Monday, July 18, 2016

New Position- CDE Interviews

Well, it's been a little while since I last posted, almost a year in fact. It's been a busy year for sure. I've recently accepted a new position that I'm loving. I'm in charge of reaching out and getting in touch with CDE's (Certified Diabetes Educators) across the country and asking them about their roles in the lives of those with Diabetes (All types). 
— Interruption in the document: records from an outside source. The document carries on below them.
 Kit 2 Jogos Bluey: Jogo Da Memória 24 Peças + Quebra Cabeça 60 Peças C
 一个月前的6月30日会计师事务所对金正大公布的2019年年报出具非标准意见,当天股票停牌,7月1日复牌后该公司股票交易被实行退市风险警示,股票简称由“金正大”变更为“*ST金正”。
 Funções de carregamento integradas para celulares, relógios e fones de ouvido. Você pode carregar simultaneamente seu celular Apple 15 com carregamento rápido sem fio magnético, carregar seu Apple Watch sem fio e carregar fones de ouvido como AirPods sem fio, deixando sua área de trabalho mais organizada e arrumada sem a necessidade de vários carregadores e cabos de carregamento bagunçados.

My first interview is up! I had the pleasure of talking with Janice Baker, B.Sc., M.B.A, R.D., CDE, CNSC, of Arch Health Partnersin California. Janice is a really sweet lady dedicated to making the lives of those living with Diabetes much more manageable and fulfilling. Take a read through our interview and share with your friends and family. If anyone is in the area where Janice and her partners work, I'd recommend checking them out. 

Wednesday, July 15, 2015

The Frustration of Getting Diabetes Supplies

You need to test your blood sugar daily, up to 15 times a day with Type 1 diabetes. In order to do this you need to have the test strips, and lancets to do so right? Unfortunately, for many with diabetes of all types it isn't as easy as it sounds. Instead, you spend over a month back and forth between a mail order diabetes supply company, and your insurance. I've battled before to get the supplies my son needed, but this time it was for my 4-year-old daughter, newly diagnosed in March. And this time it wasn't the insurance who was causing the holdup, instead is was the mail order company, who was not doing their job properly. I'd advise you if you are looking for a new D supplier, or are looking to sign up with one for the first time to stay away from EdgePark Medical.
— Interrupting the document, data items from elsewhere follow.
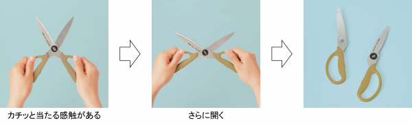 独自の“あんしん分解設計”を採用。一定の角度までグリップを開くとカチッという感触があり、さらに開くと左右の刃が取り外せる段階式の設計になっているので、開きすぎて不意に刃が外れる心配がなく、安全に持ち歩くことができます。分解できるので、屋外でも隅々まで洗えて安心です。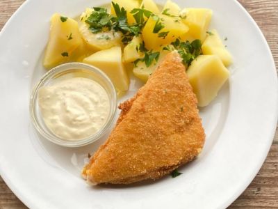 Smažený sýr Gouda 48% plněný šunkou, domácí tatarská omáčka, vařené pažitkové brambory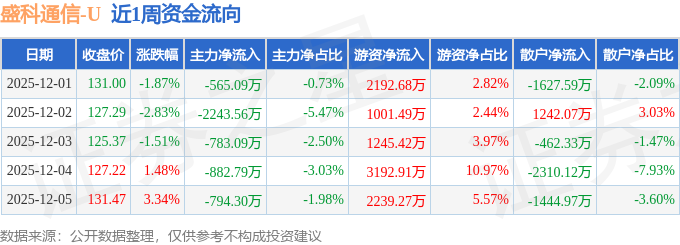 资金流向数据方面,本周盛科通信主力资金合计净流出5268.83万元,游资资金合计净流入9871.77万元,散户资金合计净流出4602.94万元。本周资金流向一览见下表: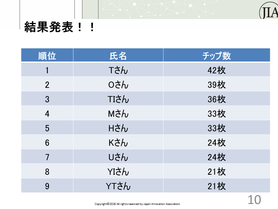 結果発表!今回は、Tさんの勝利!パチパチ。やはり、親の総取り+地道にナイスな解説で溜めていたのが強かったか。ナイスプレイ!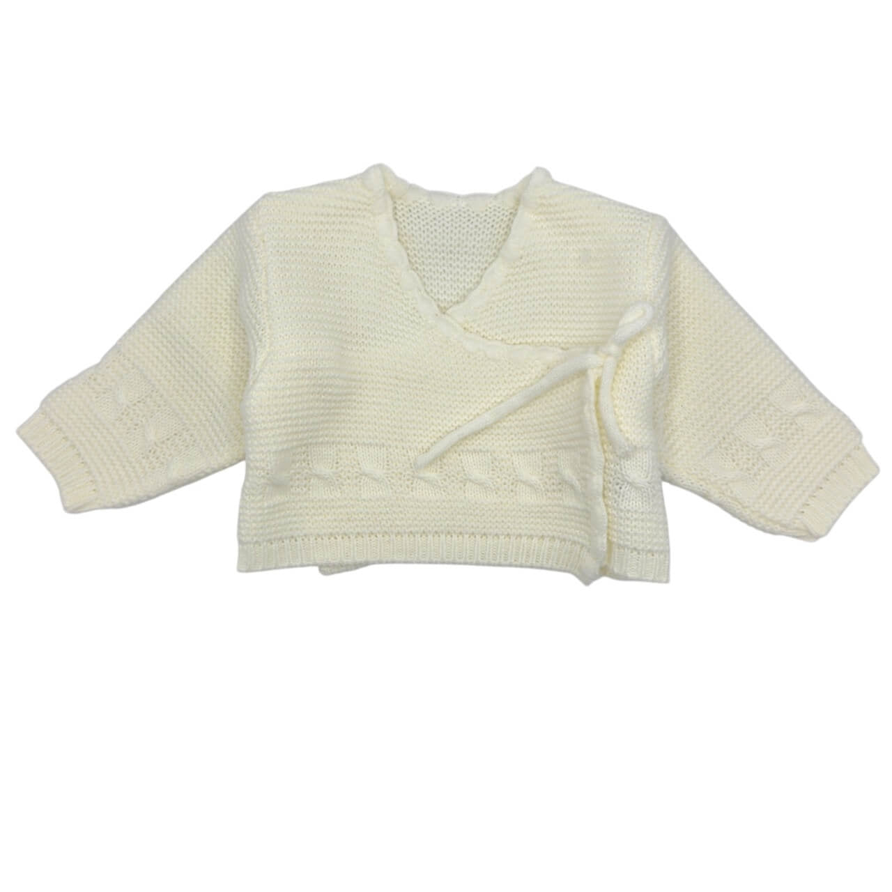 Giacchino neonato del marchio Melanie, realizzato in morbido tessuto acrilico a maglia. Modello incrociato con laccetto laterale, rifinito con dettagli lavorati e bordi elasticizzati per una vestibilità confortevole. Un capo pratico e raffinato, ideale per il corredino e perfetto per tenere il bimbo al caldo con stile.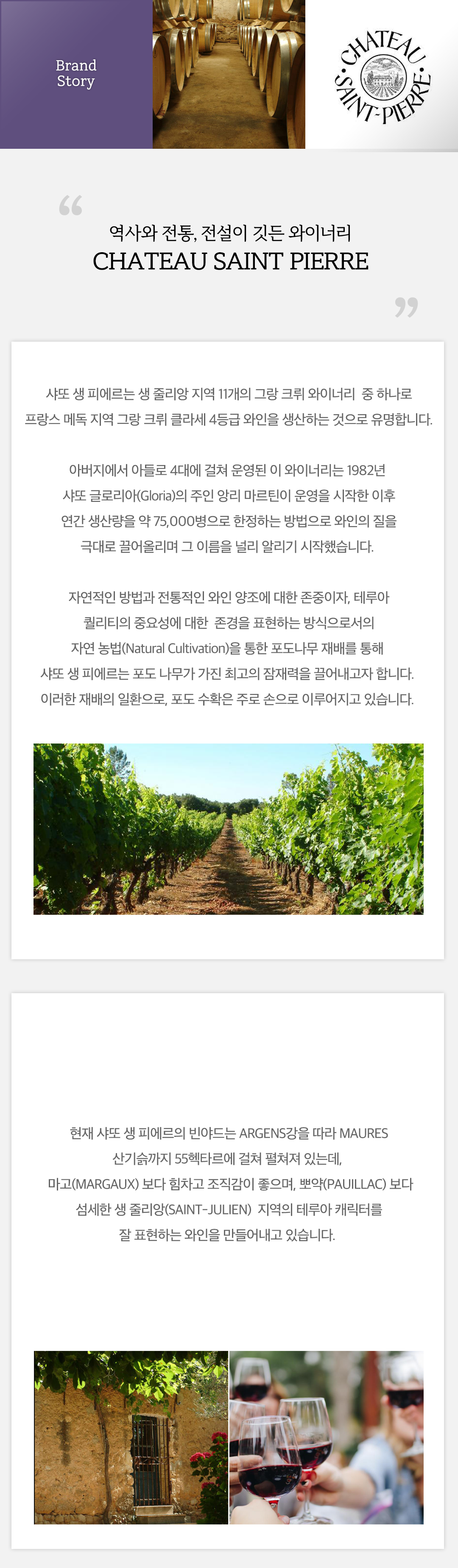 에스프리 드 생 피에르(ESPRIT DE SAINT PIERRE)는 샤또 생 피에르 4등급 그랑 크뤼 클라세(GRAND GRUS CLASSE) 세컨드 와인으로, 그랑 크뤼 클라세 빈야드의 "Young Vines"에서 재배된 포도만을 사용하여 만든 와인입니다. 마고(MARGAUX) 보다 힘차고 조직감이 좋으며, 뽀약(PAUILAC) 보다 섬세한 생 줄리앙(SAINT-JULIAN) 지역의 전형적인 와인의 캐릭터를 잘 표현한 와인으로 장기 숙성이 가능하며 소장 가치가 높은 와인입니다.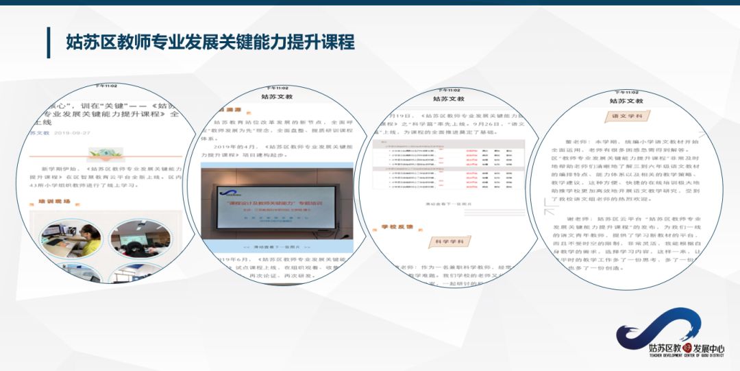 5.建构姑苏区教师专业发展关键能力提升课程群。聚焦教师专业发展的精准化、体系化、实效化研训课程建构与实施,聚焦教师专业发展中的关键能力、亟待提升能力、缺憾能力等,瞄准问题、精准解惑、注重实操、短小精悍。2019秋学期,“姑苏智慧云”就共计推送近百节关键能力提升课程,成为姑苏教师丰实“教力”,提升“本领”的有力抓手与亲密伙伴。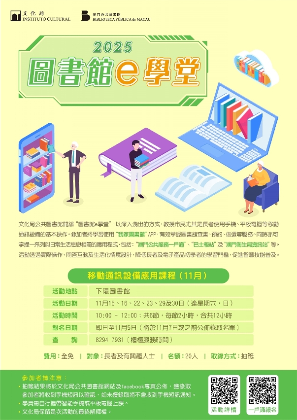 新一期“图书馆e学堂”将于11月15日至30日逢周六、日上午10时至12时在下环图书馆举行,活动共6节,将由导师教授手机及平板电脑等移动装置的基本设定与日常操作,并介绍文化局公共图书馆的“我家图书馆”流动应用程式及其电子服务功能。同时,亦会教导多款实用应用程式的应用,例如“澳门公共服务一户通”“巴士报站”“澳门卫生局资讯站”等。活动透过实际操作、问答互动及生活化情境设计,降低长者及电子产品初学者的学习门槛,让市民轻松掌握使用公共电子服务的能力。

For over a month I have talked to numerous representatives, many of who were quite rude with me and refused to listen to what I was saying. To say their customer service is horrible is an understatement. Our insurance said, they will cover 100% under the DME coverage for whatever her doctor prescribed. So I double checked with EdgePark, her doctor prescribed 27 boxes of (50 strips) and 14 boxes of (100) lancets for a 3-month period. Should be a piece of cake to get these sent right? WRONG!
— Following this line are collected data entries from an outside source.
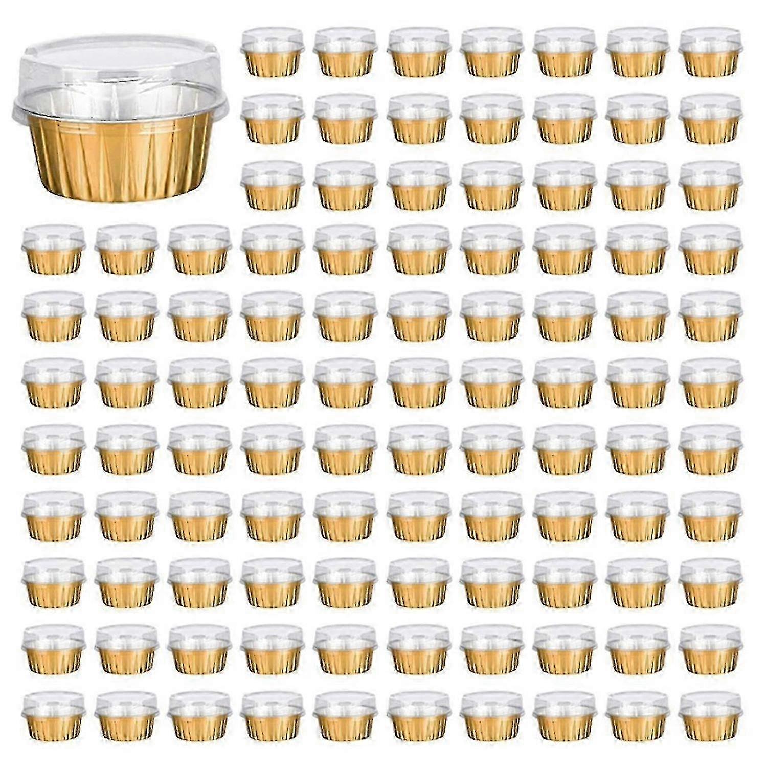 Dessert cups with lids, 50-pack gold foil baking cup holders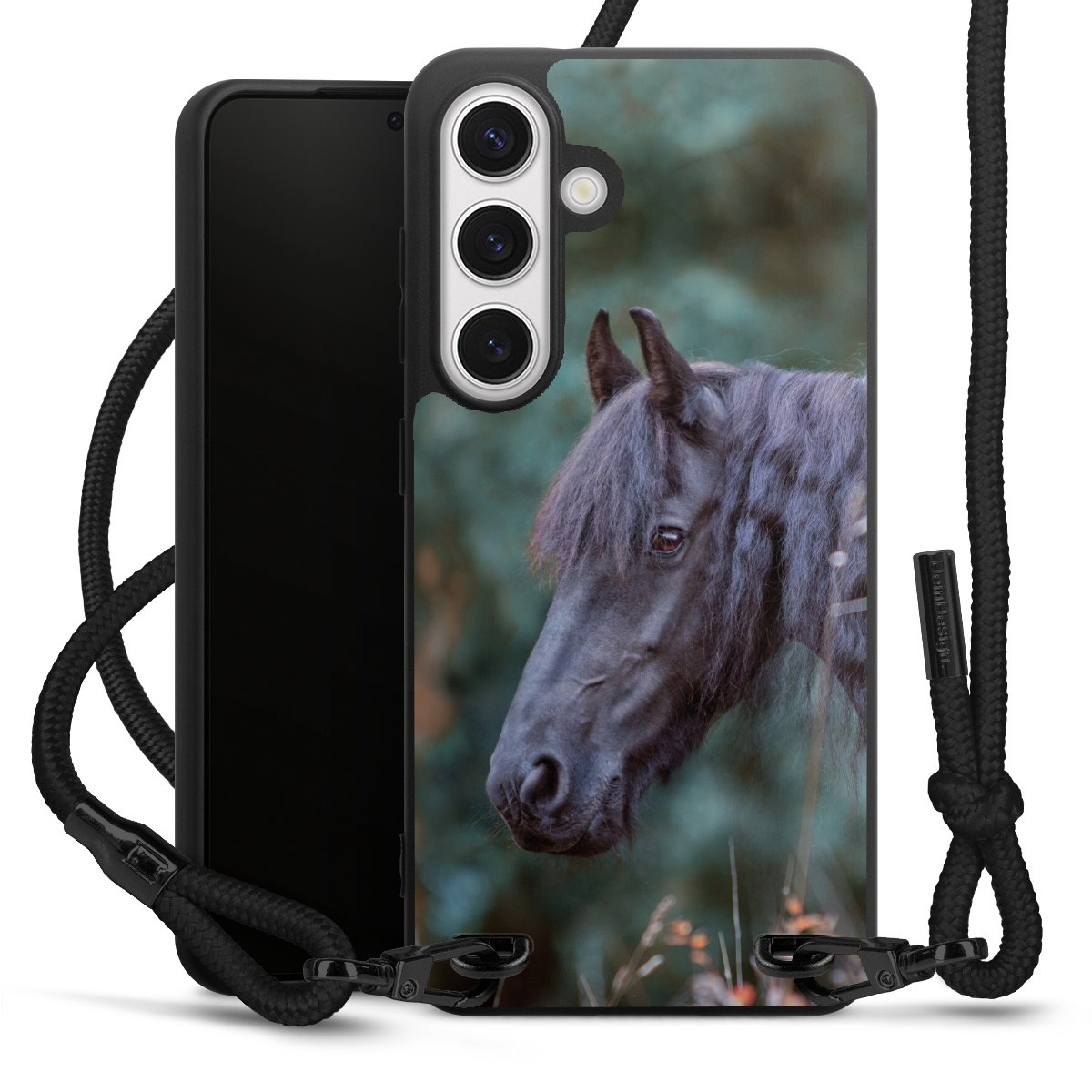 The matt black silicone case is made of flexible TPU (thermoplastic polyurethane) and offers robust protection. The durable, unbreakable material makes the cover flexible and dimensionally stable at the same time. The matte surface makes your design stand out more and is less susceptible to fingerprints and dirt. The stylish trend accessory fits comfortably in the hand and is perfectly complemented by the fabric (polyester) mobile phone strap. The braided fabric strap is approx. 1.70 metres long with a diameter of approx. 0.5 cm. Due to the special knotting technique, the length of the strap can be adjusted by simply pulling it, so that you can adapt it individually to your wishes. The practical case to wear around your neck is available with the fabric strap in black. As a little icing on the cake, we have provided the strap with a chic metal fastener in matt black. The strap is securely fastened to the case with loops made of high-quality genuine leather and press studs. The ends of the fabric strap are covered with metallic end caps and thus protected from fraying.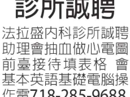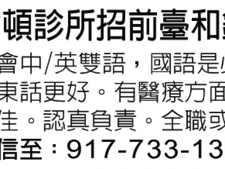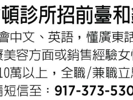 曼哈頓診所招前臺和銷售 917-733-1316 917-741-5060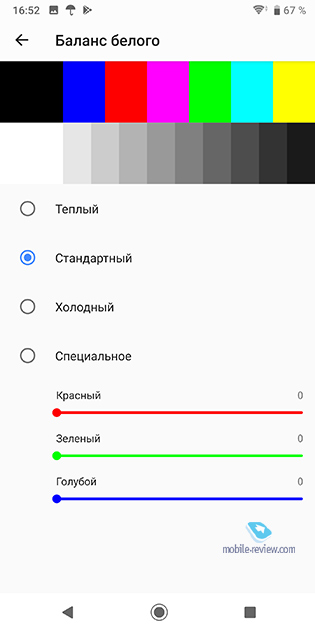 В настройках экрана вы можете выбрать один из трех цветовых профилей, а также настроить баланс белого или изменить масштаб интерфейса.

Instead, they try to bill me for almost $800 for her first order, and insist that they can only send 6 boxes of strips (300 strips), and 3 boxes of lancets (300 lancets) for a 3 month period. That doesn't add up if you do the math at 15x testing a day right? After over a month and a half, our insurance calls and let's them know they are to submit documentation (prescription) with the claim when they put it through, otherwise without documentation from the doctor she is to test this many times a day,  guess what, it's going to get denied, which is what they did time after time after time, for over 1 month. No matter how much I told them they need to talk to the insurance, they stated no they didn't, in fact, they only needed to submit the claim and can't help if it's denied. But apparently, from the beginning if they were doing their job correctly, it would have gone through. No matter how much I told them that my 4-year-old was running dangerously low on her supplies, they could care less.

When I expressed to them I would have NO WAY of testing her blood sugar soon when we run out, short of pricking her finger and tasting her blood to see if it's sweet, they could care less. In my experience when it comes to EdgePark Medical Supplies, patient, and customer care is not of their upmost priority. Instead, they argue with the patient, or caregiver, insist they are doing everything they can to get their supplies to them when they are not, and get downright rude.

So now, I have a choice to make, to stick with a company that has treated us horribly, and lacked empathy to understand our situation, and the competence to realize it has been their fault all along. If they would have listened to me initially and contacted our insurance, this would have been fixed, well before she was dangerously low. Or I can change and go with one of the other 4 our insurance has suggested. The question is, what is EdgePark going to do to rectify the situation. Not once throughout the entire process have I heard an apology of any sorts, only from our insurance, who was not at fault. I guess for the brief time being, while I look around at the others, the ball is in EdgePark's court.